Eagleton Student Researches Redistricting Reforms

Meet the Eagleton Holt Award Recipient

October 4, 2021 – Eagleton Undergraduate Associate Fiona Kniaz received a 2020-2021 award from the John and Ann Holt Fund for Undergraduate Applied Research in American Politics to research redistricting reform. Fiona, a senior majoring in political science and economics, worked under the supervision of Eagleton Assistant Research Professor and Center on the American Governor Historian Kristoffer Shields. 

Learn more about Fiona’s research and read her report.

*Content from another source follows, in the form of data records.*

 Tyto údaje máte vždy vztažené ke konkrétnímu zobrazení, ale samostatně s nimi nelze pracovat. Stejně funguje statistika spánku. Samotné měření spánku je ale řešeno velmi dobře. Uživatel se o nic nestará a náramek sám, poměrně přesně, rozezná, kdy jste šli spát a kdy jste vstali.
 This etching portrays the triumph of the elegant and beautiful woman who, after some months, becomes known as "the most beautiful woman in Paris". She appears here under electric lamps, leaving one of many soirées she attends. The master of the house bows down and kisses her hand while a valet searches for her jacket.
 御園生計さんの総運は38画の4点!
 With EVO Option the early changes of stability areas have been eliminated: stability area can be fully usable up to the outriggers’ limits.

How did the award contribute to your research and academic experience?
Receiving the Holt Award provided me with my first ever opportunity to conduct grant-funded research, which I consider a major steppingstone in my academic and professional career. The award enabled me to collect data on all 50 states’ redistricting processes, analyze proposed reforms, write a report that was later published by Eagleton, and speak with some of the premier experts in the field.

While my previous research on gubernatorial redistricting powers with the Eagleton Center on the American Governor sparked my initial interest in redistricting, the Holt Award allowed me to pursue the topic of redistricting with greater depth. 

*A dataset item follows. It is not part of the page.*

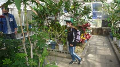 自分で「行きたい」と言っていたチョウの家には入ったものの、「オオゴマダラ」などが飛んでくると「キャー」と言って逃げていました。でも、サナギや幼虫など動かないものには興味があり、じっくりと見入っていました。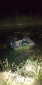 La madrugada de hoy una mujer se accidentó al perder el control de su vehículo y cae canal de la media luna,

Why did you decide to research redistricting and what did you learn during the process?
I decided to continue my research on redistricting because of its timely relevance and because people of all political ideologies view gerrymandering, often a result of the redistricting process, as a major issue they wish to see resolved. However, something I realized very early on during my research is that the redistricting process is so complicated that simply banning partisan gerrymandering would be an ineffective solution. 

Mapmakers try to meet several, often conflicting, objectives when drawing new maps such as compactness, racial fairness, representativeness, and competitiveness just to name a few. Ultimately, I concluded that “ending gerrymandering” is not possible as one group will always be able to take issue with some aspect of a map and declare foul play. 

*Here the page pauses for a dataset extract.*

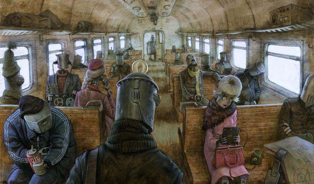 Обои Роботы в пригородном поезде

Rather, the goal should be to make the redistricting process consistent and as legitimate in the eyes of the electorate as possible through state adoption of consistent, clear, and measurable criteria for new districts. Some universal solutions include the adoption of independent redistricting commissions, strengthened protections for communities of color, and the creation of opportunities for further citizen involvement in the process. 

How has it prepared you for future coursework and your future profession?
My research experience through the Holt Award confirmed my interest in policy research, preparing me for my senior honors thesis and prospective Ph.D. work. Working with my faculty advisor, Professor Kristoffer Shields, provided me with invaluable guidance for not only my research but also for my professional aspirations.